Examen indiqué chez la femme enceinte dans le dépistage de la trisomie 21, le diagnostic prénatal non invasif (DPNI) sera désormais remboursé par l’Assurance maladie.

Inscrit dans les recommandations de la Haute autorité de Santé (HAS) depuis mai 2017, le diagnostic prénatal non invasif (DPNI) sera pris en charge par l’Assurance maladie. Une décision prise par décret au Journal officiel ce 27 décembre. Indiquée dans le dépistage de la trisomie 21 dans l’ADN foetale chez la femme enceinte, cette prise de sang s’avère efficace à 99%. Et son coût total s’élève aujourd’hui à 390 euros. Un budget important donc pour les futurs parents.

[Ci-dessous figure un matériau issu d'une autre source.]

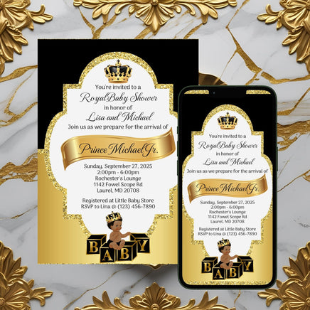 Self editable black and gold digital and printable little prince baby shower invitation set.

La pratique du DPNI permet d’éviter le recours à 11 000 amniocentèses, examen basé sur l’analyse du caryotype à partir d’un prélèvement de liquide amniotique dans la cavité utérine. Ce dernier est considéré comme invasif étant donné que la membrane du foetus est perforée.

Le diagnostic prénatal de la trisomie 21 se réalise en 2 étapes : tout d’abord, une échographie réalisée à toutes les femmes au premier trimestre de grossesse, associée à une prise de sang, pour repérer la présence des marqueurs sériques de la trisomie 21. Deuxième étape, si la probabilité de risque est supérieure à 1/250, une amniocentèse est pratiquée.

Désormais, la prise de sang – prise en charge donc – sera proposée après la première échographie, aux femmes dont le niveau de risque est compris entre 1/1000 et 1/51. Si les résultats sont négatifs, alors l’amniocentèse est évitée. En cas de résultat positif, l’amniocentèse est alors effectuée.

A noter : selon la HAS, ces examens pourraient bénéficier à 58 000 femmes sur 800 000 grossesses par an en France.